▶ [Your goal] Each line below is to be copied exactly; images do not go into the copy.

▶ [Dataset section]
——

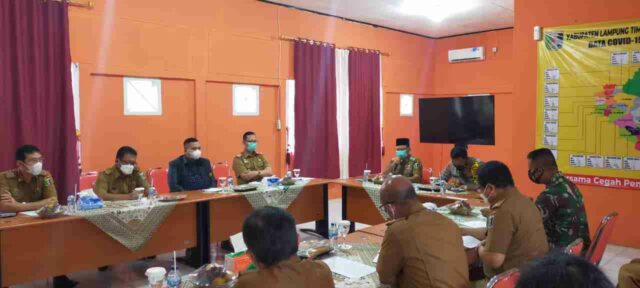 Bupati Lamtim Dawam Rahardjo bersama wakil Bupati Lamtim H Azwar Hadi SE M.Si melakukan rapat evaluasi percepatan penanganan dan pencegahan virus Corona (Covid-19) di ruang rapat kantor Bupati lamtim. Rapat ini digelar, untuk melihat sejauh mana perkembangan penanganan Covid-19 di Kabupaten Lamtim. Dalam program 100 hari kerja penanggulangan Covid 19 menjadi yang utama.
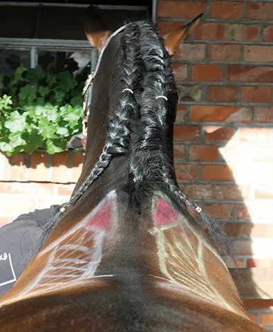 Have pieces of white and coloured chalk handy. The horse should be tethered and groomed. First, mark a vertical line at the place on the withers where the horse’s shoulder appears to be broadest.
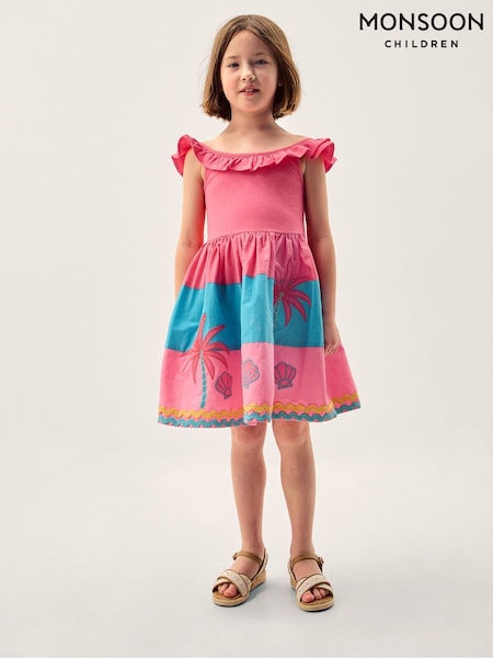 Monsoon Shell Embroidered Colourblock Dress

——

▶ [Written reply]
 Bupati Lamtim Dawam Rahardjo bersama wakil Bupati Lamtim H Azwar Hadi SE M.Si melakukan rapat evaluasi percepatan penanganan dan pencegahan virus Corona (Covid-19) di ruang rapat kantor Bupati lamtim. Rapat ini digelar, untuk melihat sejauh mana perkembangan penanganan Covid-19 di Kabupaten Lamtim. Dalam program 100 hari kerja penanggulangan Covid 19 menjadi yang utama.
 Have pieces of white and coloured chalk handy. The horse should be tethered and groomed. First, mark a vertical line at the place on the withers where the horse’s shoulder appears to be broadest.
 Monsoon Shell Embroidered Colourblock Dress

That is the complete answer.